Our 'Commercial Headquarters' were in a ramshackle old shed in my friends garden which held all our treasures and where it was quite safe to keep things and also have a crafty smoke when we wanted to. My friends mother respected our privacy in that shed as she realised how important it was to us. It was there that we planned the sales, estimated the profits and decided how the river of gold was to be spent.
Sure enough, time passed, nature took it's course and once more I had a multitude of money spinning white mice old enough to be put on the market.
My friend had one of those John Bull rubber stamp things and had painstakingly printed out a For Sale notice that was going to be pinned on his front gate for passers by to see. They living on the main Birmingham to Coventry road and near the shops, whilst I lived in a much quieter area. We would make it easy for the world to beat a path to his door.

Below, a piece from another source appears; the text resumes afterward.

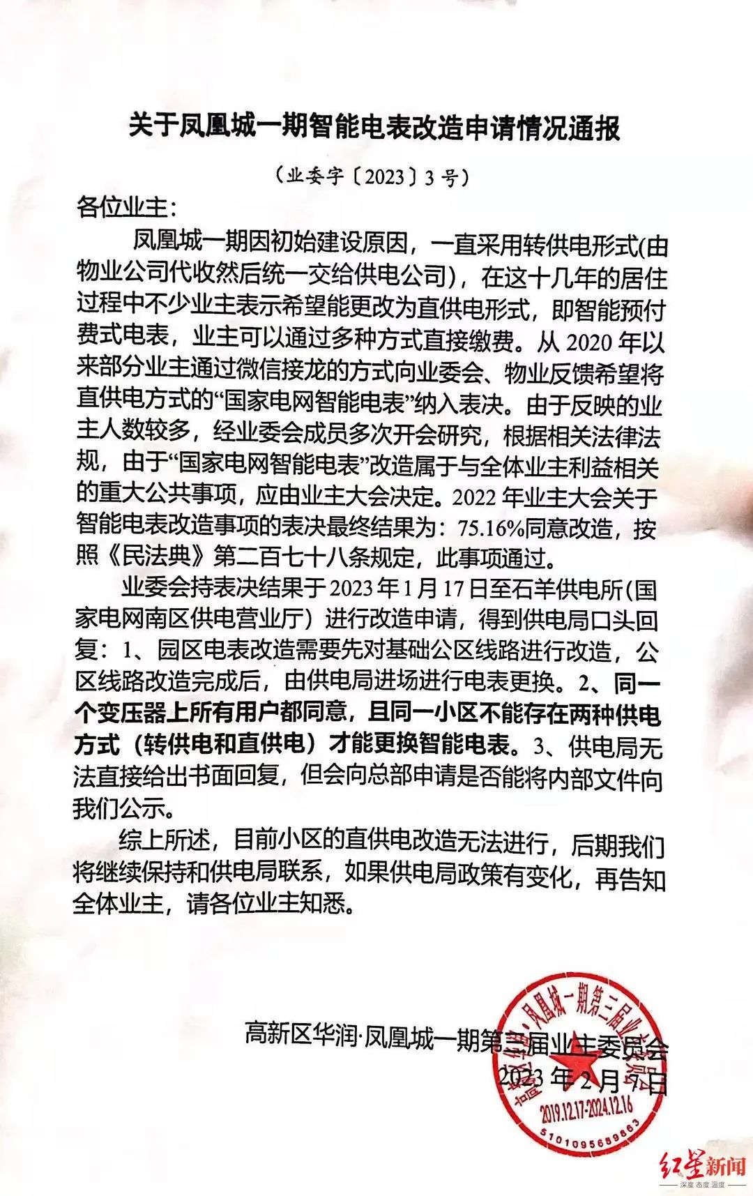 近日,小区业委会也对该事宜向小区业主进行了贴文通报。通报显示:“同一个变压器上所有用户都同意,且同一小区不能出现两种供电方式,才能更换智能电表。”

We decided that the Sale would begin on this particular Saturday morning and so the Friday evening, after school and homework, was chosen to move the stock from my house to our Commercial Headquarters, ready for an early start to the sale on the Saturday morning.
Unfortunately this was the evening my friend had to attend his weekly piano practice, white mice or no white mice. Never mind, I could manage.
At the appointed time I carefully placed all our stock in a large cardboard container packed with fresh chopped up straw and sawdust. Had to keep the gravy train happy and content.
Now my friend lived about a quarter of a mile away, across a field and then the main road. I had to cross the main road to get to his house. So, there I was, carrying this large cardboard box, not heavy but cumbersome, and waiting to cross this main road.
Being a good boy and seeing a trolly-bus coming, we had them in those days, I waited so I could cross safely. Being a friendly boy I took one hand off the box to wave at the approaching driver. Children used to do that kind of thing. It was then that the bottom of the box dropped out and deposited a multitude of white mice on the pavement. Not that they stayed there for long, as you can imagine.
As soon as hundreds of tiny little feet touched the floor they were on the move in all directions. Some straight into the field I had just crossed but the majority, unfortunately, straight across the road to argue the toss with the wheels of the trolly-bus. Oh dear, oh dear, what a mess.